19 Mar 2026Politique, Institutions, Société0 commentaires

À chaque élection municipale, la même scène se répète. Entre le premier et le second tour, les postures de campagne laissent place aux calculs d’appareil. Les promesses d’indépendance se dissolvent dans des accords de circonstance, souvent négociés dans l’ombre, loin des électeurs.

Cette année encore, la gauche dite “républicaine” n’échappe pas à la règle. Alors que certains responsables socialistes affirmaient, la main sur le cœur, qu’aucune alliance ne serait conclue avec La France Insoumise, les faits démontrent l’inverse. Fusions de listes, désistements stratégiques ou techniques, accords implicites : tout converge vers un objectif unique, faire barrage au Rassemblement National et plus largement à la droite.

Ce réflexe, devenu presque mécanique, interroge profondément la sincérité du discours politique. Peut-on durablement revendiquer des divergences de fond avec un mouvement, tout en s’alliant avec lui dès que l’enjeu électoral l’exige ? Cette ambiguïté nourrit une défiance croissante des citoyens à l’égard des partis traditionnels.

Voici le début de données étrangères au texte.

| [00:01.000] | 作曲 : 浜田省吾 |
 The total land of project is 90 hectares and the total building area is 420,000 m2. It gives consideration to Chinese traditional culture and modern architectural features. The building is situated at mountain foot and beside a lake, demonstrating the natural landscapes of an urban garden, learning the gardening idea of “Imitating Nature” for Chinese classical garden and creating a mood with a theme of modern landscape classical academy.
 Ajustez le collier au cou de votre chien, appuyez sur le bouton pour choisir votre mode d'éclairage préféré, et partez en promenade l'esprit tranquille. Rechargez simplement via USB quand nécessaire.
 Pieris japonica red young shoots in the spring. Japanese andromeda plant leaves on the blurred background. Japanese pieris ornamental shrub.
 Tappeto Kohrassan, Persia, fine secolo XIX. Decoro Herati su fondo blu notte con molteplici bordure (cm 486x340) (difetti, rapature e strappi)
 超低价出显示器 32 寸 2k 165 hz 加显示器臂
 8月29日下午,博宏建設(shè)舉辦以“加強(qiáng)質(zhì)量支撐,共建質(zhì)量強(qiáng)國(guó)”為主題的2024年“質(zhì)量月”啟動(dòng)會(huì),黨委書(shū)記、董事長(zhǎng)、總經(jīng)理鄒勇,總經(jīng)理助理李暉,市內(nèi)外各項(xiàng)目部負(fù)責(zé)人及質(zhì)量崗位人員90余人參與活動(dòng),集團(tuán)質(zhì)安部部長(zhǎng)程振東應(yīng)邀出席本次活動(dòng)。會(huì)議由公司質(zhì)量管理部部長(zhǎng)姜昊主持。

Car pendant que certains s’organisent pour empêcher, d’autres démontrent.

Dans plusieurs communes dirigées par le Rassemblement National, les résultats électoraux parlent d’eux-mêmes. Outre les maires reconduits dans leurs fonctions dès le premier tour1, d’autres sont non seulement présents au second tour, mais ils y arrivent souvent en position de force, avec des réserves de voix significatives. Mieux encore : certains ont été réélus dès le premier tour, signe d’un ancrage local désormais solide.

De même, dans plusieurs villes dirigées par la droite dite républicaine, des bilans locaux solides sont également reconnus par les électeurs. Certaines municipalités ont su conserver la confiance dès le premier tour, témoignant d’une gestion jugée efficace et d’un lien de proximité préservé avec les habitants.

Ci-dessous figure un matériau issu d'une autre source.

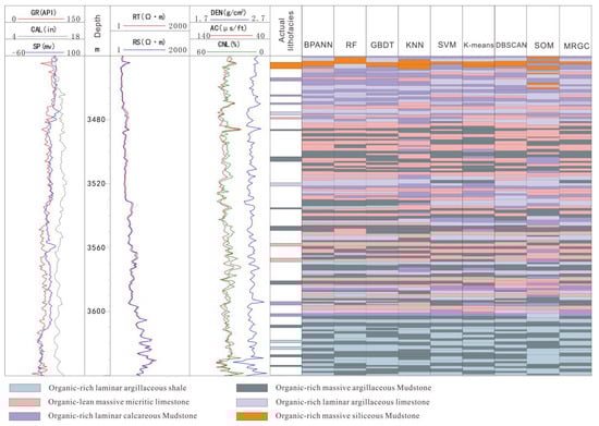 The lithofacies and logging facies of four supervised learning algorithms were compared to identify lithofacies of verification wells. The results are shown in Figure 13. The K-MEANS algorithm had an identification accuracy of about 76.1%, the DBSCAN algorithm had an accuracy of about 77%, the SOM algorithm had an accuracy of about 67%, and the MRGC algorithm had an accuracy of about 64.5%. Overall, the accuracy of shale identification results using unsupervised learning algorithms is relatively low, with the DBSCAN and K-MEANS algorithms having higher accuracy.
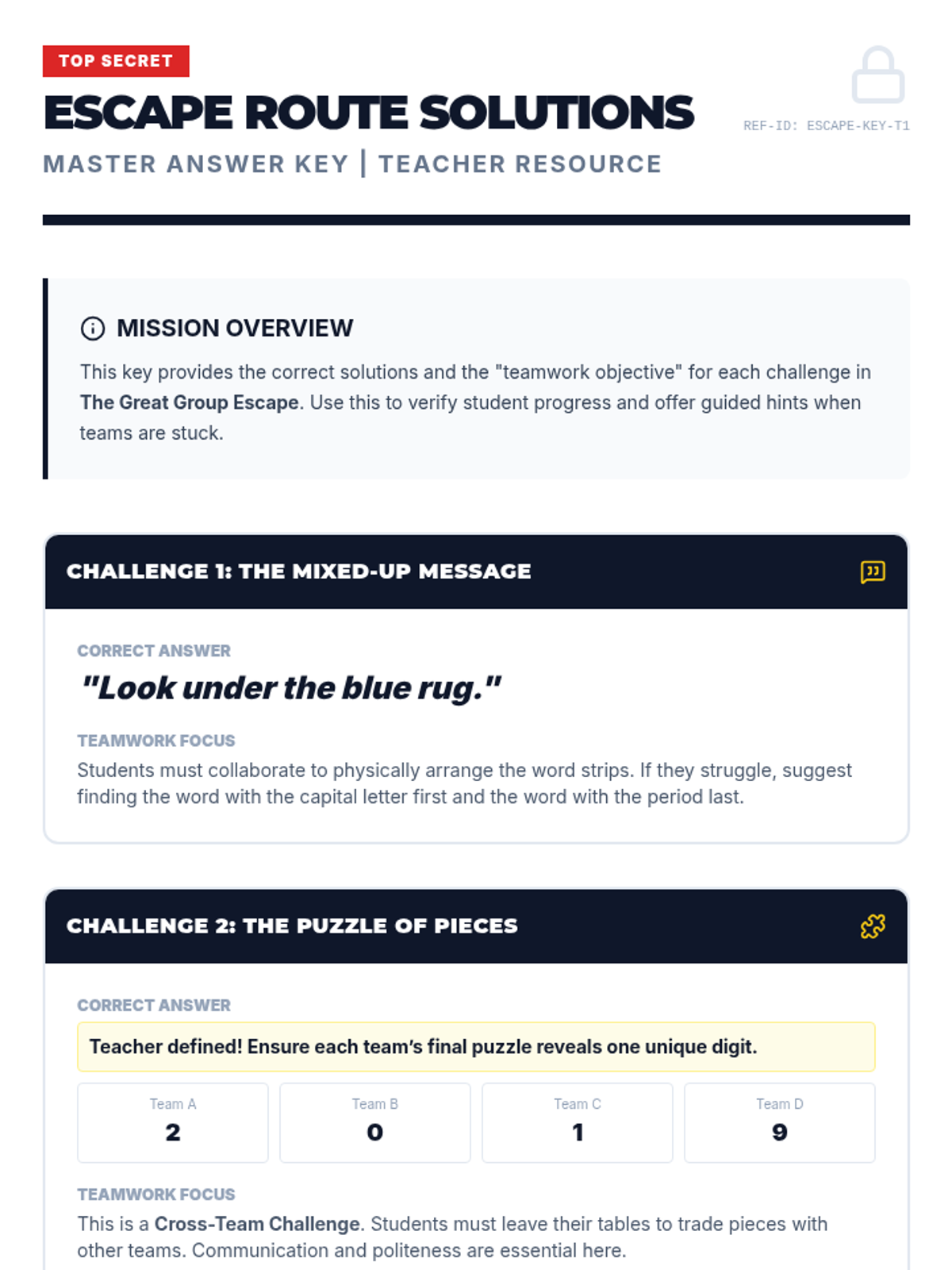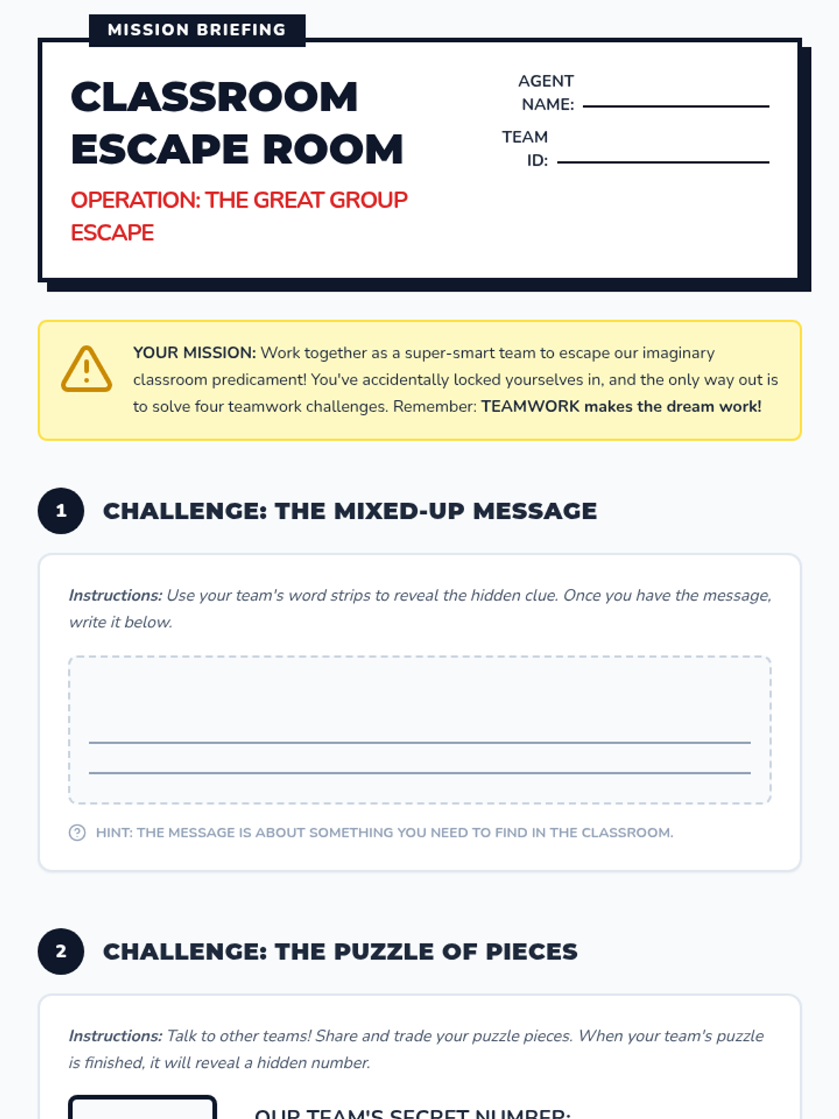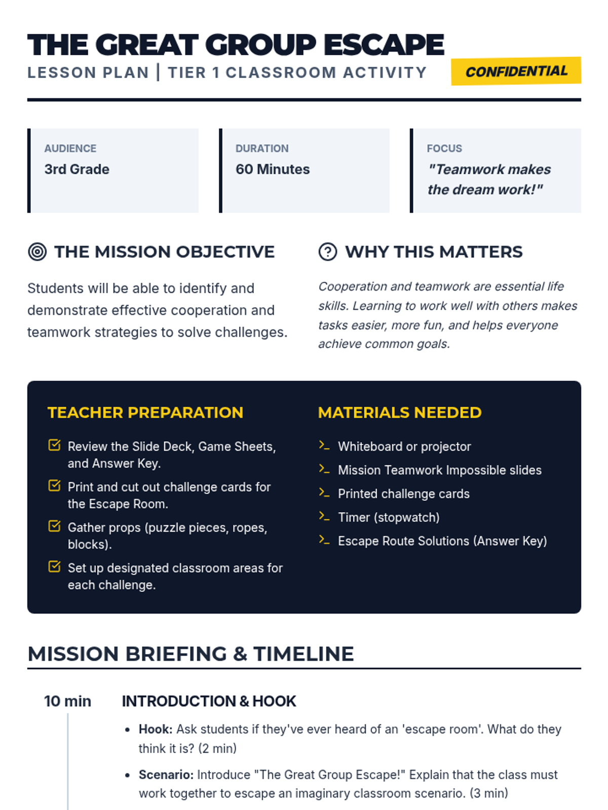 A high-energy, game-based lesson where 3rd-grade students work together in small teams and as a whole class to solve challenges and 'escape' a hypothetical scenario. This lesson emphasizes the importance of communication, listening, and collective problem-solving.
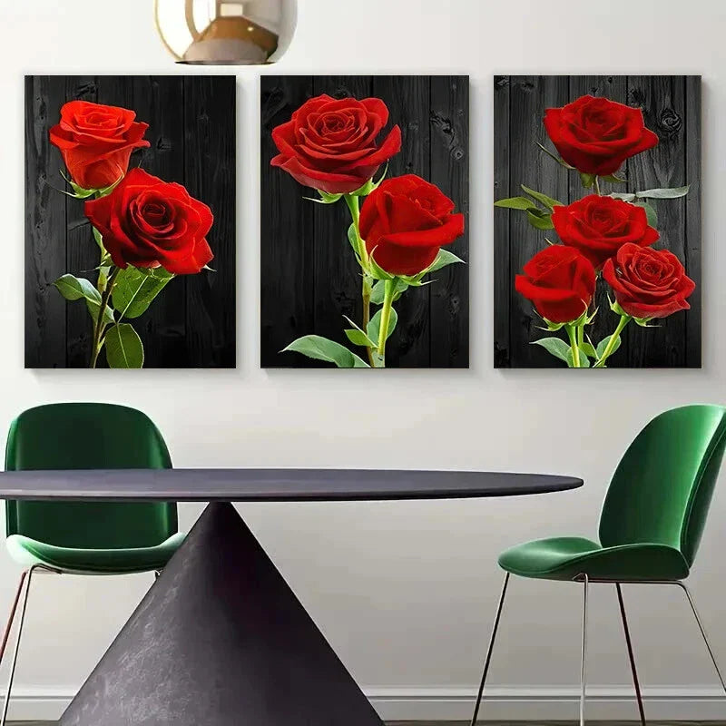 3pcs Beautiful Red Roses Green Leaves Metal Print Ready to Hang Art
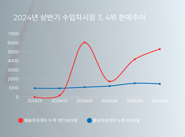 실제 테슬라코리아는 모델Y·3를 앞세워 호실적을 거뒀다. 두 차의 올 1~6월까지 합산 판매 대수는 1만7067대, 전체 판매 비중 98.2%. 테슬라코리아가 같은 기간 판매 대수 1만7380대, 점유율 13.83%, 이에 따른 전체 순위 3위를 기록하는 데 크게 이바지했다는 것을 알 수 있다. 4위 볼보차코리아와의 판매·점유율 격차도 각각 1만195대, 8.11%포인트로 벌렸다.

Ces résultats, quels qu’ils soient, ne doivent rien au hasard. Ils traduisent une réalité de terrain que beaucoup refusent encore de regarder en face.

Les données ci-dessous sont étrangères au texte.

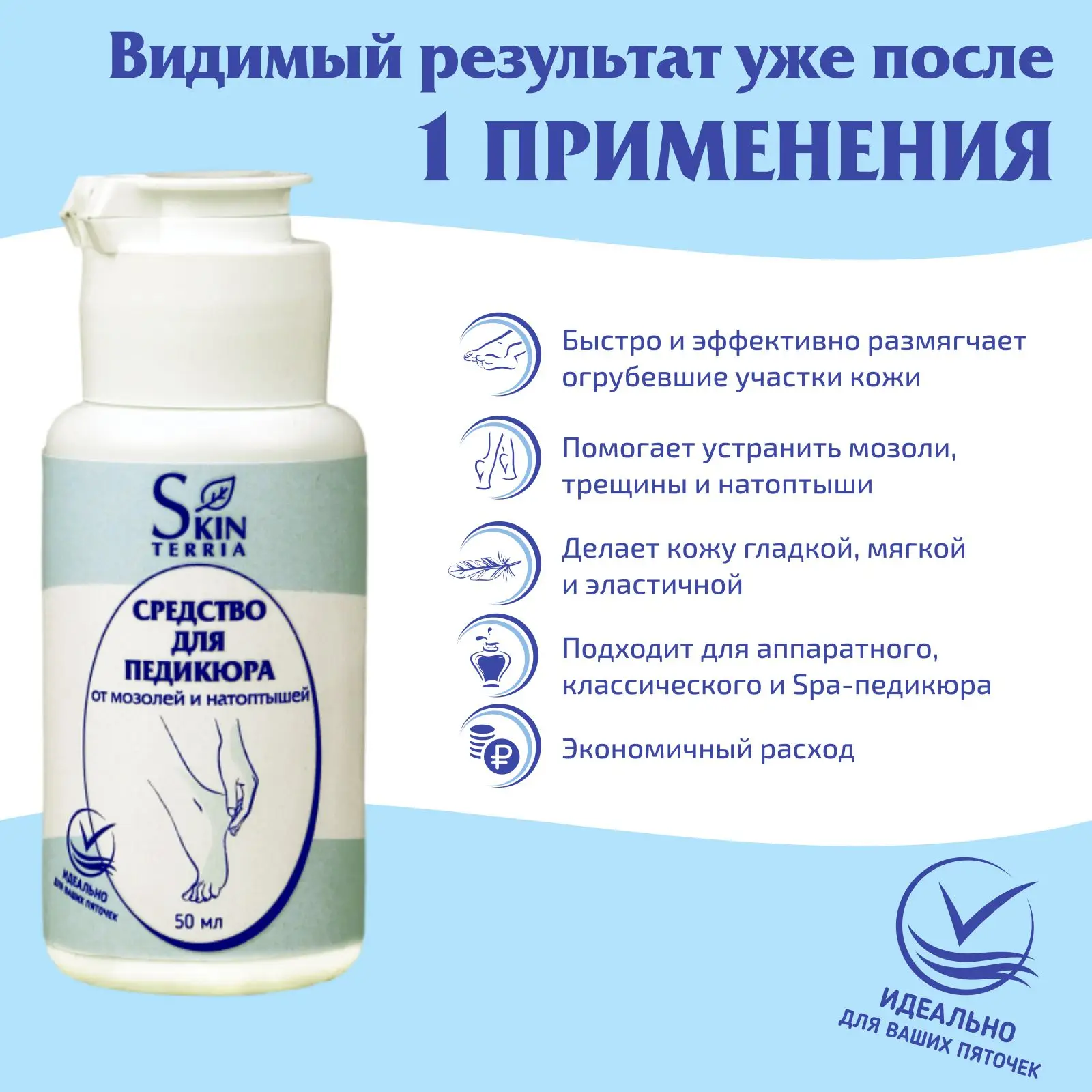 Набор средств для педикюра от SKINTERRIA быстро и эффективно устранит даже самые застарелые эстетические проблемы: трещины, натоптыши и сухие мозоли. Результат виден уже после первого применения! Кожа становится гладкой, мягкой и эластичной. А специально разработанная формула с экстрактом алоэ способствует скорейшему заживлению трещинок. Подходит для аппаратного, классического и Spa педикюра.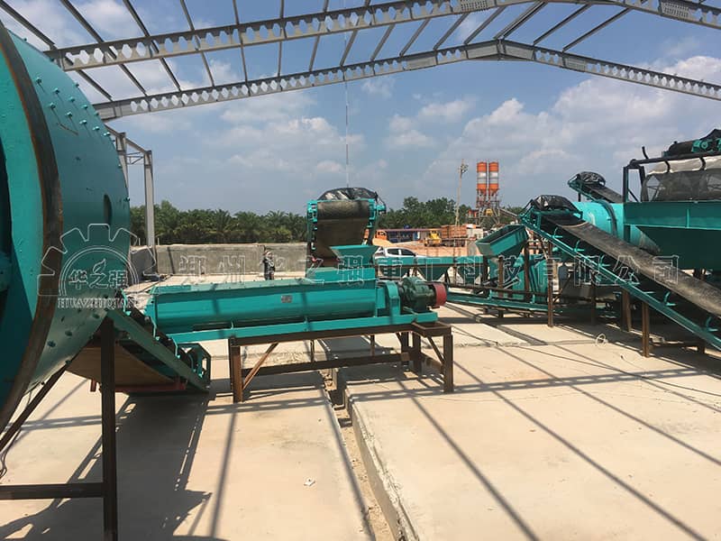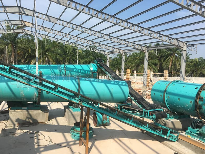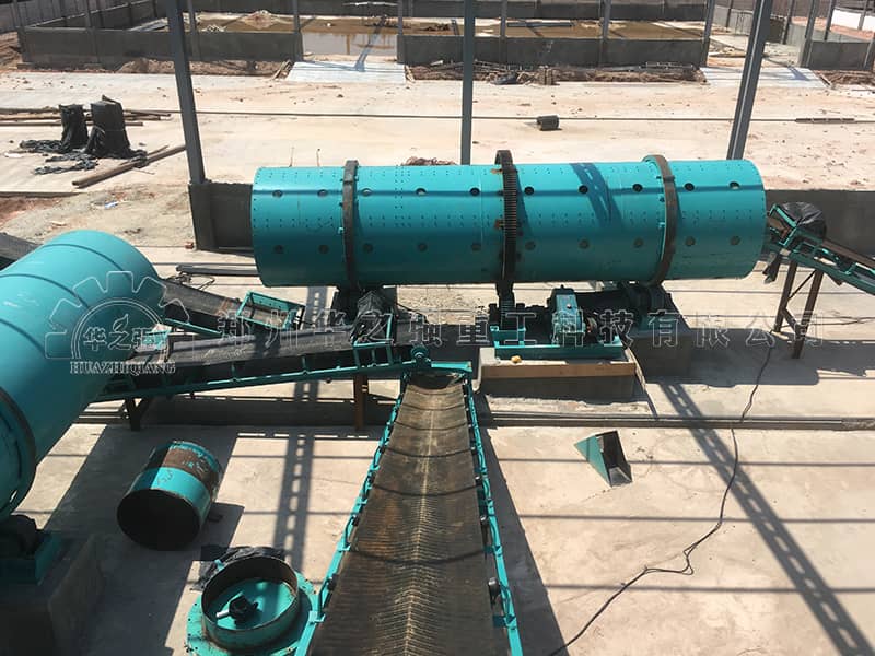 【主要設備】:雙螺旋翻堆機,新型有機肥二合一造粒機,滾筒篩分機,烘干機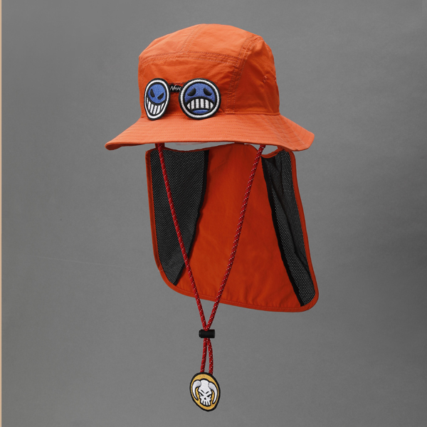 依照艾斯原設定的帽款做設計,改造為戶外機能的漁夫帽,後方的可拆卸襯布也可以因應不同情況使用。另外帽款附上三款布章,可以隨興搭配在你的服飾、包款或是帽子上,展現不同的效果。

Vox Nostra a pu s’entretenir avec plusieurs habitants du nord de la France, notamment à proximité d’Hénin-Beaumont. Tous témoignent d’un changement concret dans leur quotidien : un sentiment de sécurité renforcé, une gestion municipale jugée plus rigoureuse, et une dynamique locale retrouvée. Ces citoyens ne parlent ni d’idéologie, ni de posture nationale, ils parlent de leur vie de tous les jours.

C’est sans doute là que réside le cœur du sujet.

À force de réduire le débat à une opposition morale, une partie de la classe politique passe à côté de l’essentiel : l’évaluation des politiques publiques à l’échelle locale. Or, une municipalité se juge d’abord sur ses résultats, sécurité, propreté, gestion budgétaire, qualité de vie.

Face à cela, les “fronts républicains” apparaissent de plus en plus comme des constructions artificielles, déconnectées des réalités vécues par les habitants. Pire : ils peuvent donner le sentiment que le choix des électeurs doit être contourné plutôt que respecté.

Il ne s’agit pas ici de défendre un camp contre un autre, mais de poser une exigence démocratique simple : la cohérence et la transparence.

Nos propositions :

-Obligation de publication par les chambres régionales et territoriales des comptes d’un bilan de la gestion du mandat qui s’achève pour toutes les communes de plus de 30 000 habitants (entre 300 et 320 communes). A minima publication des rapports en cours d’élaboration au moment de l’élection. 

– Mettre en débat une réforme du système électoral notamment par l’instauration d’un seul tour (voir notre précédent article : « Faut-il instaurer un tour unique pour toutes les élections ? » )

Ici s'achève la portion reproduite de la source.